===== GIVEN MATERIAL =====
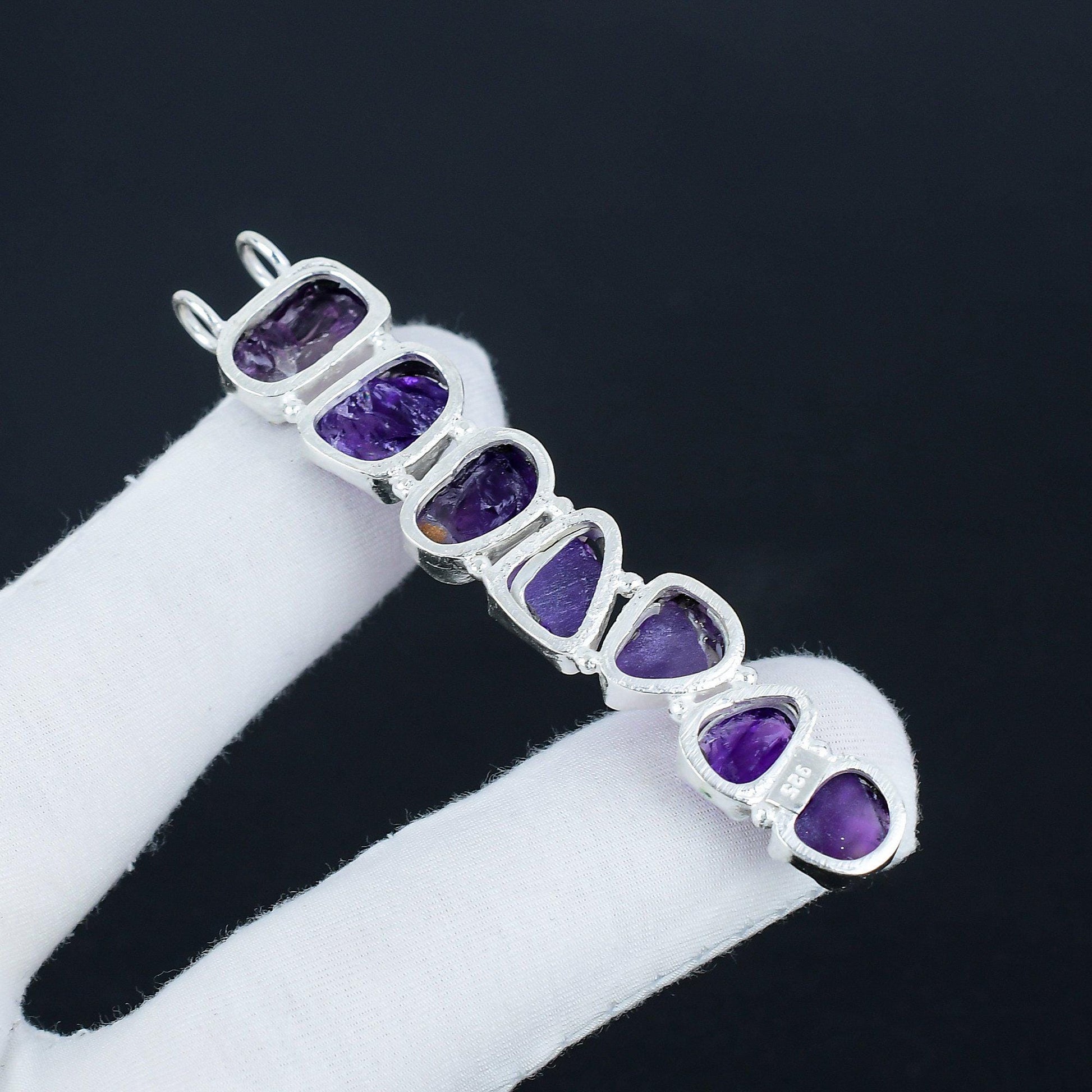 Every bracelet captures the unique essence of the Earth, featuring uncut, genuine amethyst stones, hand-set in elegant sterling silver.
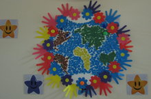 Ребятам очень понравилось изображать с помощью кусочков цветной бумаги океаны, моря и материки. Они окружили планету - наш общий дом, своими ладошками и посадили на ней цветы, чтобы она была всегда защищенной, прекрасной и мирной.
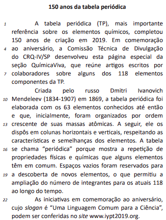 Considerando os aspectos linguísticos, de estrutura e de conteúdo, julgue o item. O termo “ele” (linha 13) é um pronome pessoal do caso oblíquo, que se refere a Dmitri Ivanovich Mendeleev.
=====
-- YOUR GOAL --
Without any of the pictures, reproduce the listing above exactly.

-- ANSWER TO THE PROBLEM --
 Every bracelet captures the unique essence of the Earth, featuring uncut, genuine amethyst stones, hand-set in elegant sterling silver.
 Ребятам очень понравилось изображать с помощью кусочков цветной бумаги океаны, моря и материки. Они окружили планету - наш общий дом, своими ладошками и посадили на ней цветы, чтобы она была всегда защищенной, прекрасной и мирной.
 Considerando os aspectos linguísticos, de estrutura e de conteúdo, julgue o item. O termo “ele” (linha 13) é um pronome pessoal do caso oblíquo, que se refere a Dmitri Ivanovich Mendeleev.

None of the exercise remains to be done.